The Doctor's eyebrows knit. "Donna, it's just perfume," he said dismissively.

She glared at him, hands on her hips. "Oh, is that so? How come whenever you need any more of that nancy-boy product you like so much, the world is over until we stop and get more, but my perfume is just perfume?"

He felt his ears grow hot. "I have finicky hair. I need that, or this..." He waved a hand in the vague direction of his spiky hair, "This is a disaster."

"Well, I have a need to smell good." She pulled the top off and wafted it under his nose, let him breathe it in. "How can you deny me this?"

The Doctor lurched back instinctively as she violated his personal space, but at the same time a tingle of pleasure coursed through him. Drifting out of the frosted glass bottle was a sweet, soft scent that he immediately associated with Donna. It was a subconscious connection, but automatic. It seemed as though every instance she had ever come close to him or hugged him was suddenly at the forefront of his mind; indeed, at that moment it felt like she was suddenly much closer. The Doctor was abruptly aware of the droop of her lips as she pouted at him, the fiery tresses that cascaded over her shoulders, the way her blouse hugged the curves of her body.

His toes curled. He shuddered as a fire lit deep inside him and he spent a brief moment rebooting his brain, because it had disengaged and gone bye-bye. Since when could she knock him off his feet by just standing next to him as he breathed?

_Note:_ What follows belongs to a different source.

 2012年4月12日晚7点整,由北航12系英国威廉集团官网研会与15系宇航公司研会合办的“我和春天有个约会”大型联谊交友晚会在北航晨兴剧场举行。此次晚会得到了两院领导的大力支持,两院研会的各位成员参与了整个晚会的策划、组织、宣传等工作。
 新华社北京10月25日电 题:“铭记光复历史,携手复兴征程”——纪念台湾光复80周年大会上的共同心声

Oi, he thought to himself, that thing ought to come with a warning label, great big flashing signs so I have the time to properly prepare myself. He shifted to hide his reaction, going to his feet and sliding around to the other side of the console. Donna watched him expectantly, seeming unaware of how she affected him, and finally he nodded.

"Yeah, fine, awright, we can go." He pinned an intense stare on her, pointed at the bottle. "But only for that, though. We are not stopping for tea with your mother."

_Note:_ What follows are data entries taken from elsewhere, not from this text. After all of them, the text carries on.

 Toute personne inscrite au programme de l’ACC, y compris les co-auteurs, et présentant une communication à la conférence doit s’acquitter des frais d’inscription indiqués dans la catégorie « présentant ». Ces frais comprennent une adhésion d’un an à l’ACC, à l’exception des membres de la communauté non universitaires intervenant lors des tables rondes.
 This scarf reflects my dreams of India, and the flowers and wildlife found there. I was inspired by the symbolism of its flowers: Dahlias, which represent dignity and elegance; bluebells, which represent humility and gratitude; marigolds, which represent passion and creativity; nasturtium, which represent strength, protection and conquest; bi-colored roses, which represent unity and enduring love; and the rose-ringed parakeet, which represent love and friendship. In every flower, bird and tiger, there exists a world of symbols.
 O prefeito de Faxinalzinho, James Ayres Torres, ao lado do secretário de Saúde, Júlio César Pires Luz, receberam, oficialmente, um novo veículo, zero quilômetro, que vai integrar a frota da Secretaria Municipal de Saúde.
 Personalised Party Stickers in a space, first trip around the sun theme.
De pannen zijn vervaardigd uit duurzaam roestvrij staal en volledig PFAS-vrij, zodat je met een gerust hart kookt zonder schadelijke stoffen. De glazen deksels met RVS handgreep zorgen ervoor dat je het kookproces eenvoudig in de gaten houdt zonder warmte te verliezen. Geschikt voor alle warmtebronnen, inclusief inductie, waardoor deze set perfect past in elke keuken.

"Right," Donna said with a curt nod. "Not stopping to see Mum."

"Right."

"We are stopping to see Gramps."

"Oh, of course," the Doctor agreed with a smile.

The Doctor gazes at the bottle. His missing red-glowy-thing is forgotten as he plucks off the top and lifts it to his face to take a deliberate whiff. It's like being swathed in her scent except that this time, no fire begins to burn in his stomach. The pleasurable tingles and shudders don't come. Instead, a coldness creeps down his shoulders and back, draining away his strength until he turns to settle onto Donna's bed, sitting at first and then finally curling up on his side.

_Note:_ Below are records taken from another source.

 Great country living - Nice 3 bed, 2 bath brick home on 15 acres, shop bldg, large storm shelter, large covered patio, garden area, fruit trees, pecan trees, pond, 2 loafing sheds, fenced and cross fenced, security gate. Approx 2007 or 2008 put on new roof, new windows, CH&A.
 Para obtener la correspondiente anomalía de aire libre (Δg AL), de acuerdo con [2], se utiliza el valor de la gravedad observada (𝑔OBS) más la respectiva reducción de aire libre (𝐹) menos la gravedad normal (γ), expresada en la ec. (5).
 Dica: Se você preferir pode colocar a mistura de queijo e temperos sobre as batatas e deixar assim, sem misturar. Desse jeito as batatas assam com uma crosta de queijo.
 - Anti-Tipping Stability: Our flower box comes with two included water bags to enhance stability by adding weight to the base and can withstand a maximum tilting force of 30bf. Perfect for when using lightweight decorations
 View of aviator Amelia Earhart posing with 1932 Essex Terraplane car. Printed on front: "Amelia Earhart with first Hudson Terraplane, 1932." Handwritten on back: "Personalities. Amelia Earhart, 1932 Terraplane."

The imprint of Donna is everywhere, pressed even into the pillow he rests his head on. He wishes it didn't hurt so much that the room is vacant. Donna is safe. She is alive, she is safe, hopefully she is happy. She could've been dead, and he'd prevented that. So why can't he just be happy?

He pulls his spectacles off and presses the heels of his palms to his eyes, trying desperately not to break down and feeling like his chest is going to split open from the effort of it. When he drops his hands, his eyes are hot and blurry.

"I miss you," he says. He clutches the perfume bottle in his hand, his thumb stroking its smooth sides over and over as though rubbing it may call her back like the genie from the lamp. She doesn't, of course, and the motion gives him no comfort. He turns his face into her pillow, his breath hitching. Around him, the TARDIS makes a sound almost like a sigh and then quiets herself, her usual hum dropping to a distant reverberation somewhere deeper and further away from him.

Left alone, the Doctor dreams of a missing redhead with a smile that lights up the world. In his mind, she glows.